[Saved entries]
-----

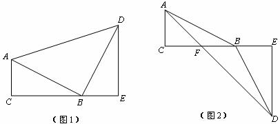 如图1,是美国总统Garfield于1876年给出的一种验证勾股定理的办法。Rt△ACB与Rt△DEB全等,点C、B、E共线,连接AD,可以证明△ABD是等腰三角形。如图2,Rt△ACB与Rt△DEB全等,点C、B、E共线,连接AD,交BC于点F,请你找出图2中的所有等腰直角三角形(不再添加线,不再添加字母),并给出证明。
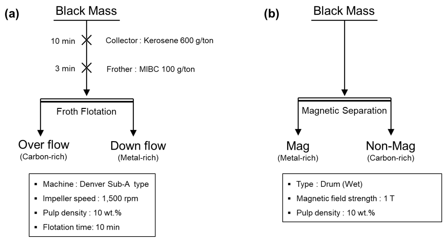 - In the recycling of spent lithium-ion batteries, the pretreatment process for recovering black mass generally consists of crushing and grinding, heat treatment to remove organic materials, and separation and classification to remove impurities. During heat treatment, depending on the heating temperature, the removal of organics, cathode reduction and lithium phase transformation can occur simultaneously. Therefore, this study discusses the fundamental separation characteristics of the cathode, anode, and lithium in a black mass associated with phase changes at the cathode reduction temperature. For this purpose, black mass was heat-treated at 550 ℃ for 2h under an N2 atmosphere, and the flotation and magnetic separation characteristics of the cathode and anode materials, as well as lithium leaching characteristics in aqueous solution, were examined. The results confirmed the removal of organics and the reduction of the cathode material. Compared to untreated black mass, the separation efficiency increased by approximately 43.9% in flotation and 69.3% in magnetic separation. In addition, aqueous leaching tests demonstrated that approximately 76.4% of the Li in the black mass was leached. These findings indicate that reductive heat treatment can significantly enhance the separation efficiency between the cathode and anode while enabling lithium recovery in the aqueous phase. The results of this study are expected to serve as fundamental data for developing optimal processes for separating the cathode, anode, and lithium from black mass under various heat-treatment conditions.
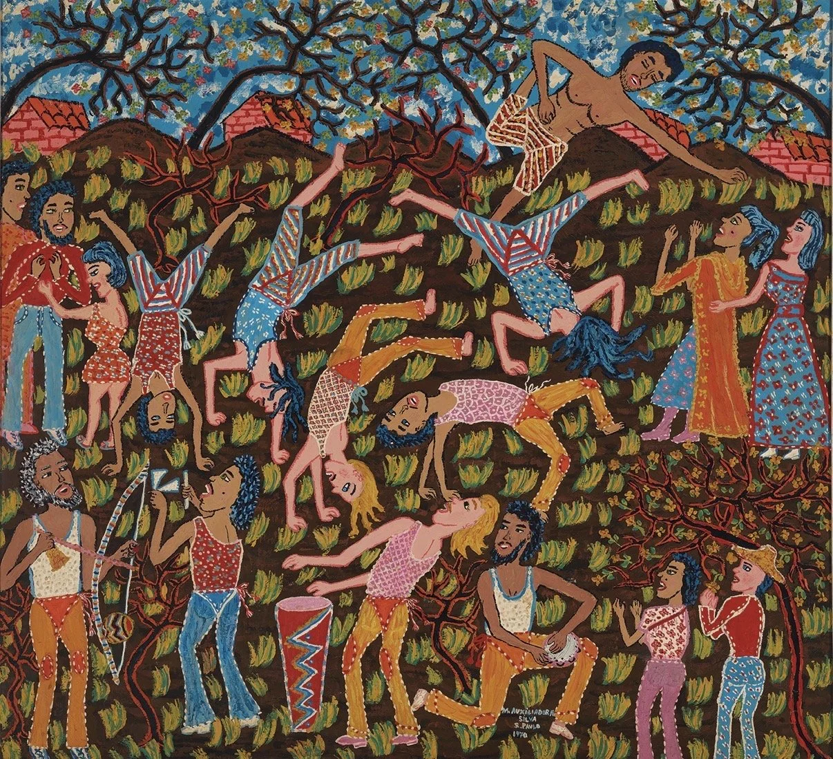 Maria Auxiliadora da Silva (1935–1974) was a self-taught artist born in Minas Gerais and later active in São Paulo. Her paintings portray the daily life, culture, and spiritual traditions of Black Brazilian communities with vivid color and striking texture. Working outside traditional academic institutions, she developed a distinctive visual language that combined painting with sculptural surfaces, building thick layers of pigment that give her scenes a tactile, almost three-dimensional presence.
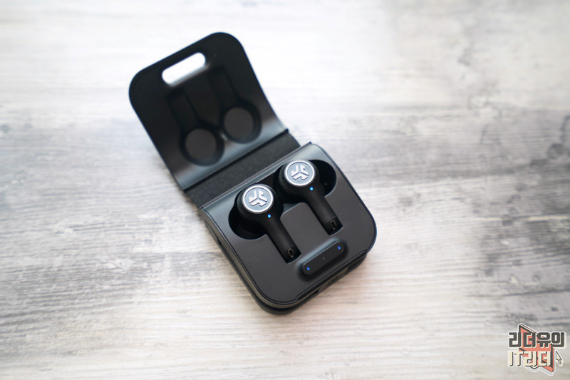 오픈을 하면 충전케이스에 들어 있는 JLAB EPIC 에어 ANC 이어폰을 만날 수 있습니다. 그리고 아래쪽에는
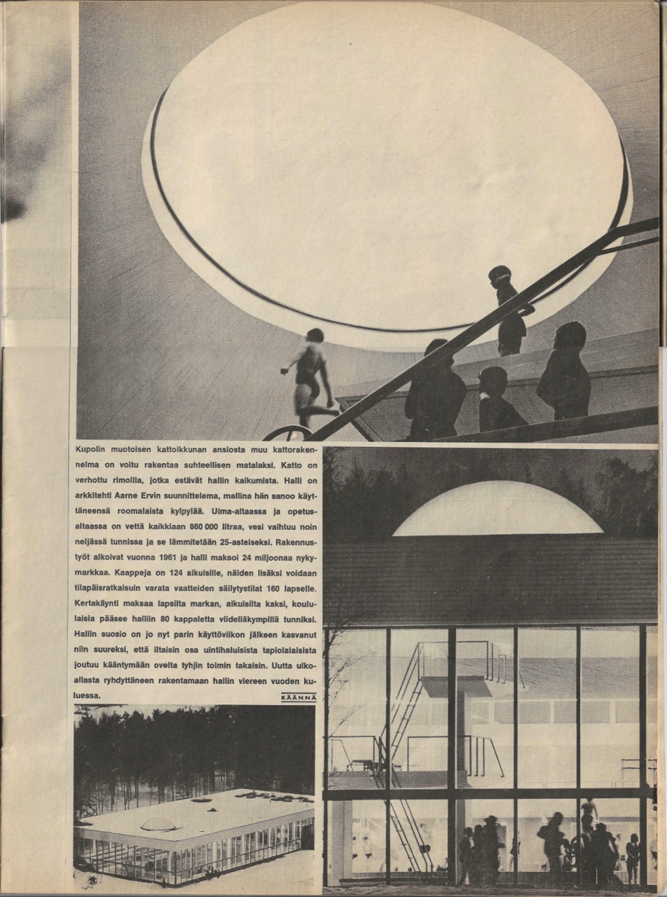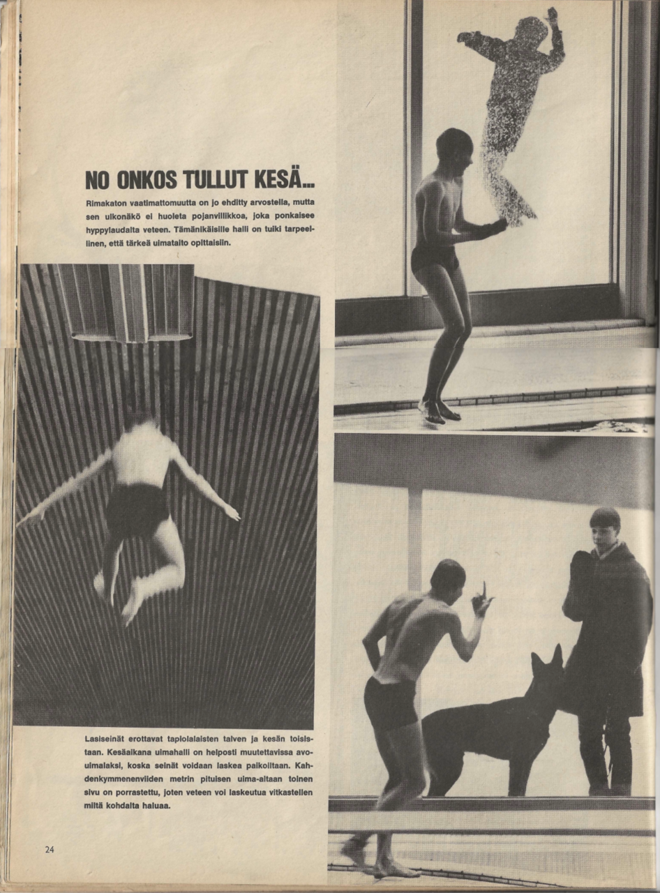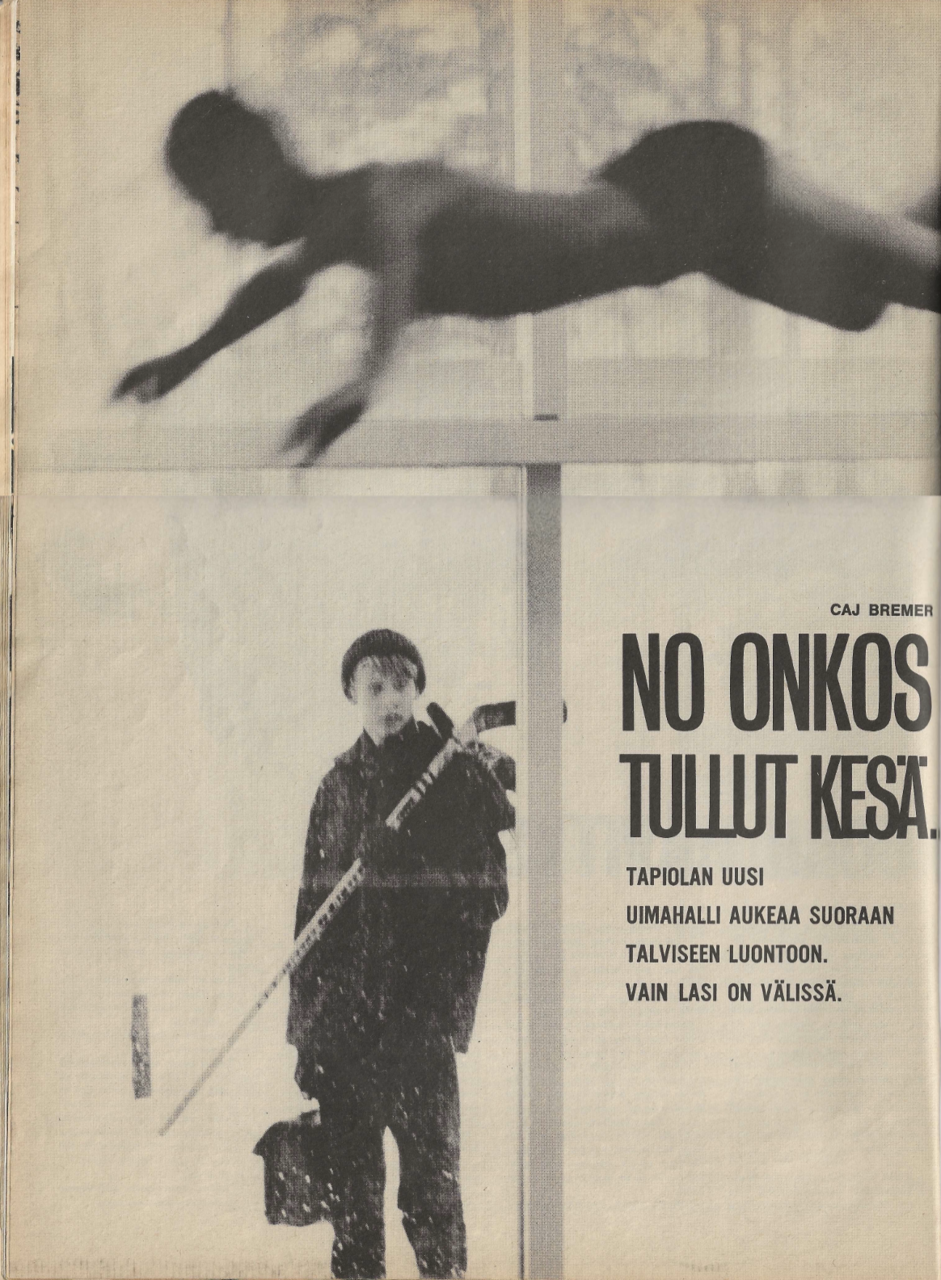 "No onkos tullut kesä" - Tapiolan uusi uimahalli aukeaa suoraan talviseen luontoon. Vain lasi on välissä, kertoo Viikkosanomat vuoden 1965 joulukuun numerossaan 50.
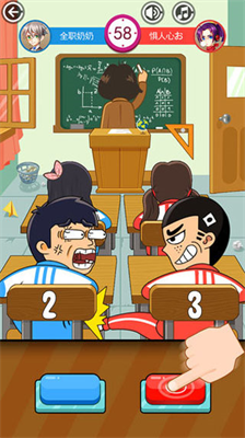 同桌大作战双人欢乐对决是近期备受关注的休闲竞技手游,通过红蓝对抗玩法还原校园课间趣味互动。游戏采用独特的双屏操作模式,让两位玩家重温学生时代与同桌"相爱相杀"的经典场景。在老师背对讲台时,双方需要通过高频点击屏幕展开手速比拼,同时还要留意老师突然回头的瞬间,及时停止动作避免被发现。
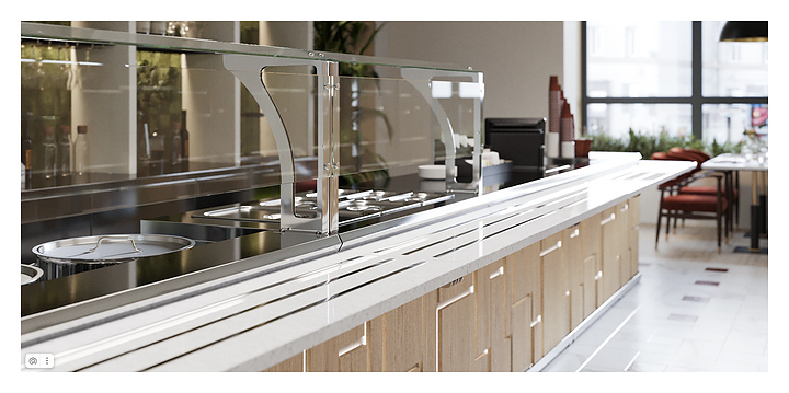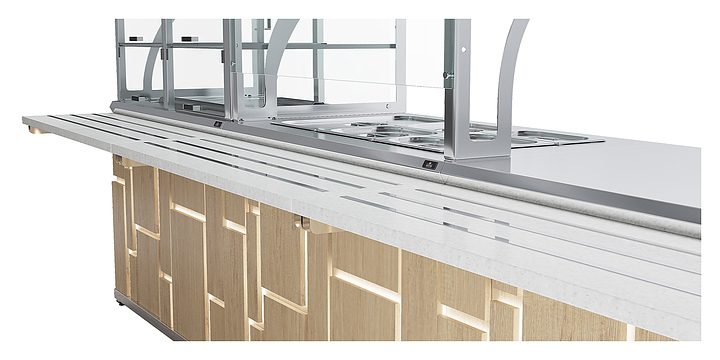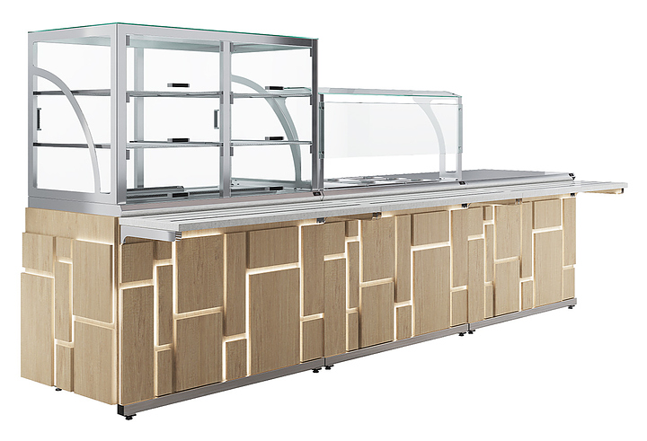 Прилавок холодильный Luxstahl ПХК (С)-1200 Premium Megapolis (Мегаполис) используется в составе линии раздачи Megapolis на предприятиях общественного питания и торговли для выкладки продуктов и напитков. Модель оснащена верхней полкой из стекла 6 мм и подсветкой (две светодиодные лампы). Каркас выполнен из нержавеющей стали AISI 430 толщиной 1 мм, фасад - из окрашенного МДФ, направляющая для подносов - из профильной трубы 25х25 мм. Особенности:
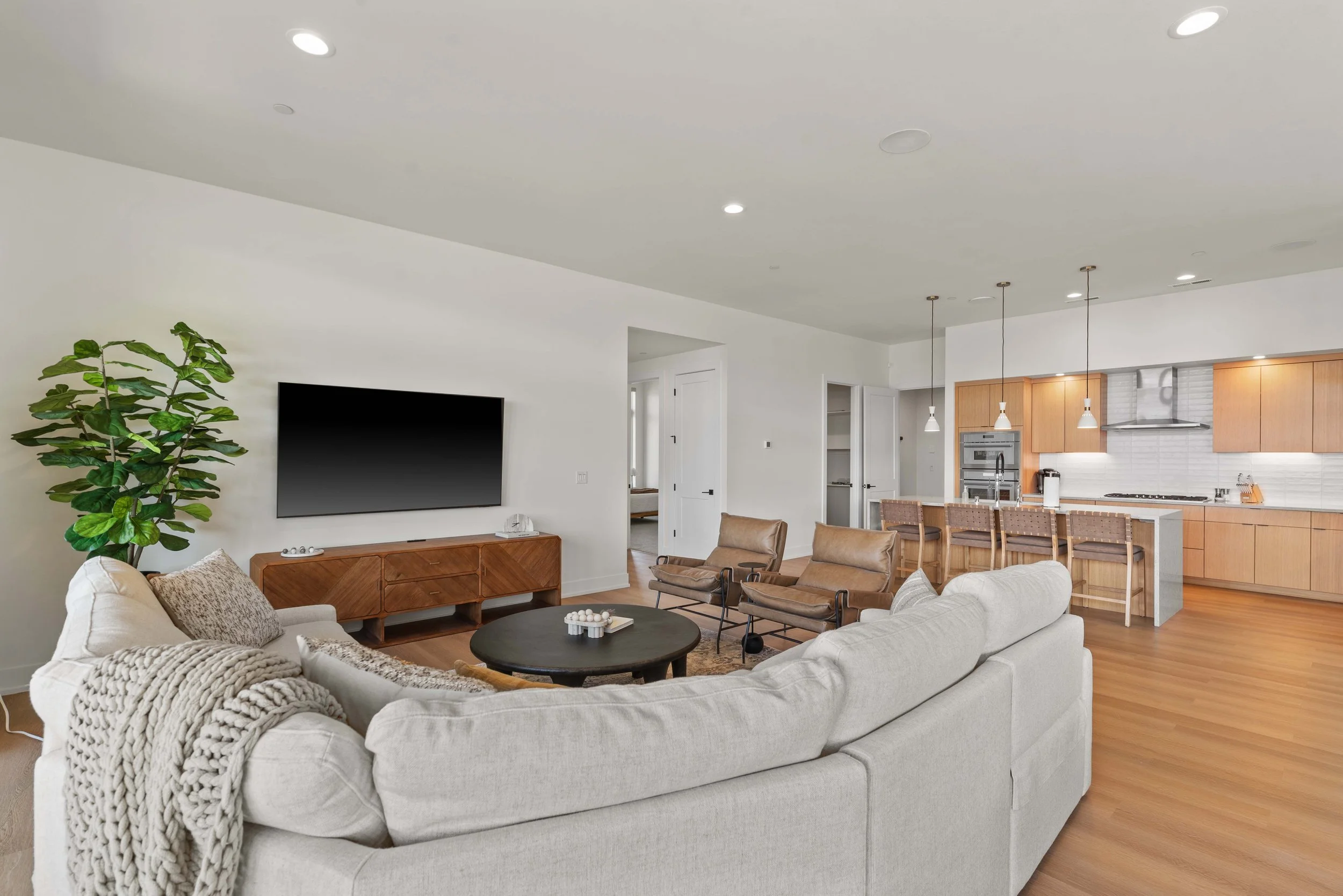 Our largest single-level home, the Columbia features 3 bedrooms, a spacious den, and 4.5 baths. The expansive great room showcases 10’6” ceilings and floor-to-ceiling windows, flowing seamlessly into a chef’s kitchen with a grand island, custom cabinetry, and pantry. The primary suite offers a spa-inspired bath and generous walk-in closet, while the den provides scenic views perfect for work or relaxation. An oversized 1,091 sq. ft. garage easily accommodates a boat, golf cart, and all your recreational toys.
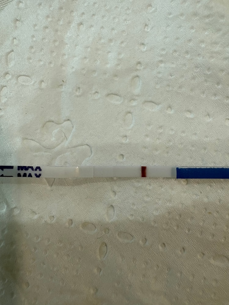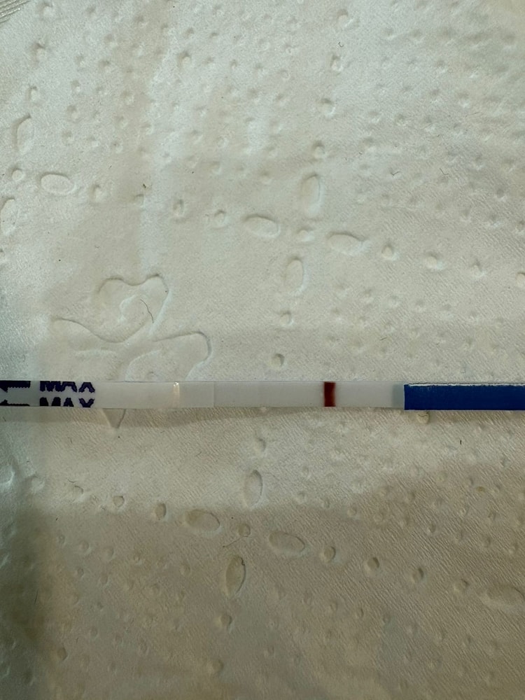Цикл нерегулярный. Если считать по среднему то до месячных ещё шесть дней. Пью дюфастон. Сделала тест потому что болит грудь и дует живот как перед месячными чувство
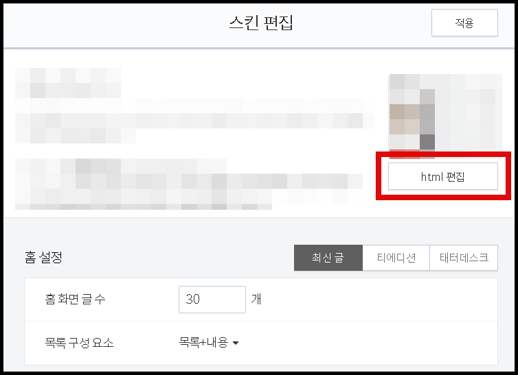 다음으로 스킨의 Html편집을 클릭해 줍니다.
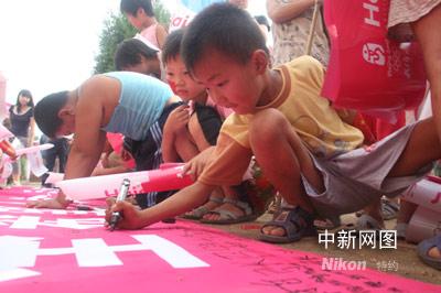 在校長的組織下,沉浸在興奮中的孩子們爭先恐后的來到祝福橫幅前為奧運、為中國健兒祝福。在良久思索之后,一個小男孩兒半跪在地上,先用彩筆寫下大大的“加油”兩字,然后又在“加油”下面畫了一個太陽,一間房子、一只小鳥,最后認認真真的簽上自己的名字:孫衛(wèi)彬。孫衛(wèi)彬說:“太陽代表希望和海爾叔叔阿姨們的關(guān)心,房子是教室,小鳥就是我和同學們!
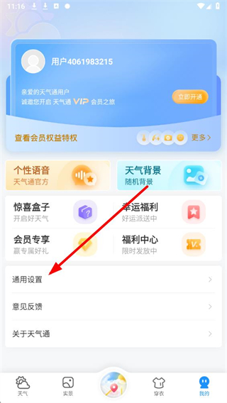 2、在我的页面中,找到并点击通用设置选项,进入设置相关的操作界面。
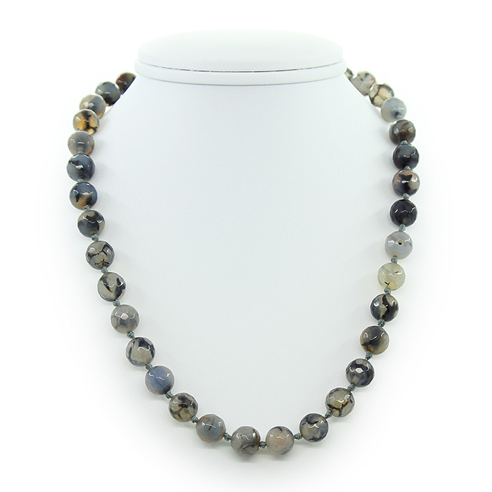 Бусы агат "Вены дракона", круглые граненые 10мм, короткие 45см
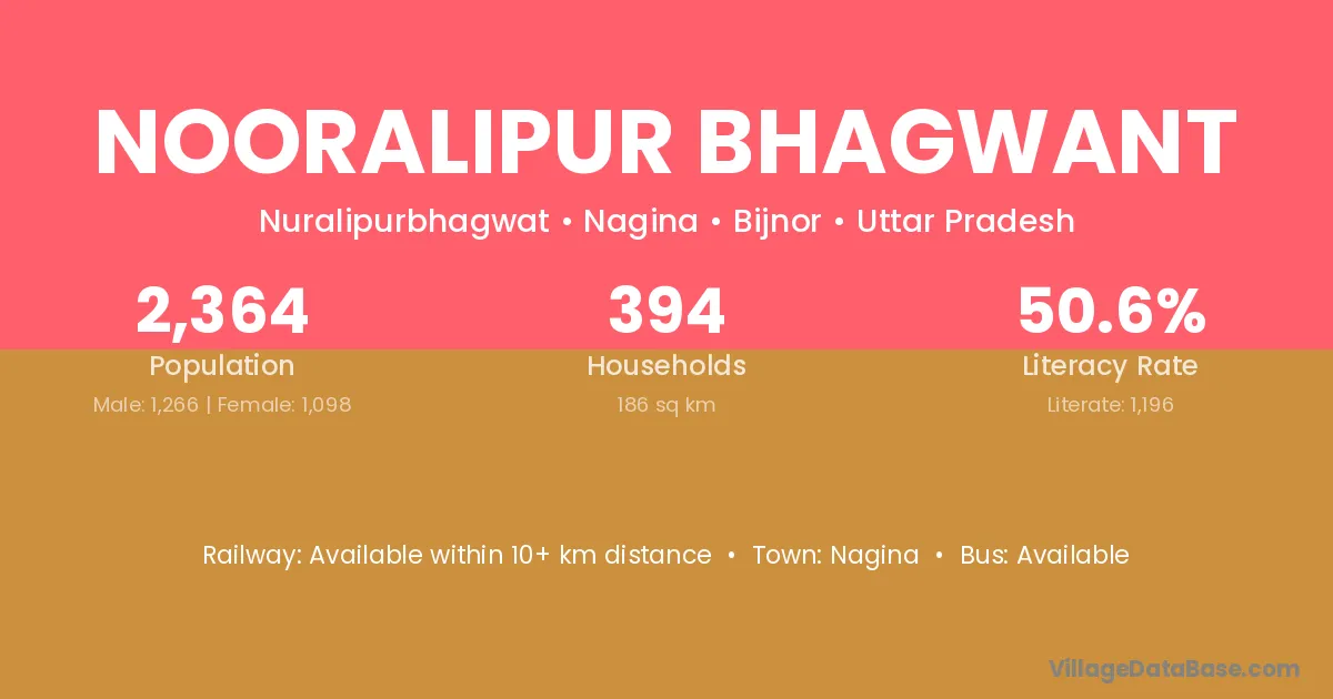 Nooralipur Bhagwant village has a total population of 2,364 people, of which 1,266 are males and 1,098 are females.
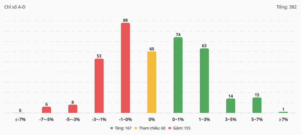 - Trạng thái “xanh lòng đỏ vỏ” cực đoan: Số mã tăng (167) vẫn nhỉnh hơn số mã giảm (155), nhưng chỉ số giảm sâu do áp lực tháo chạy tại nhóm trụ (VIC, VHM lấy đi hơn 20 điểm).

-----

* [WHAT IS BEING ASKED] Reproduce only the lines from the line that holds "10мм, короткие 45см" through the end of the records, exactly as they stand, both ends included and pictures excluded.

* [EXERCISE RESPONSE]
 Бусы агат "Вены дракона", круглые граненые 10мм, короткие 45см
 Nooralipur Bhagwant village has a total population of 2,364 people, of which 1,266 are males and 1,098 are females.
 - Trạng thái “xanh lòng đỏ vỏ” cực đoan: Số mã tăng (167) vẫn nhỉnh hơn số mã giảm (155), nhưng chỉ số giảm sâu do áp lực tháo chạy tại nhóm trụ (VIC, VHM lấy đi hơn 20 điểm).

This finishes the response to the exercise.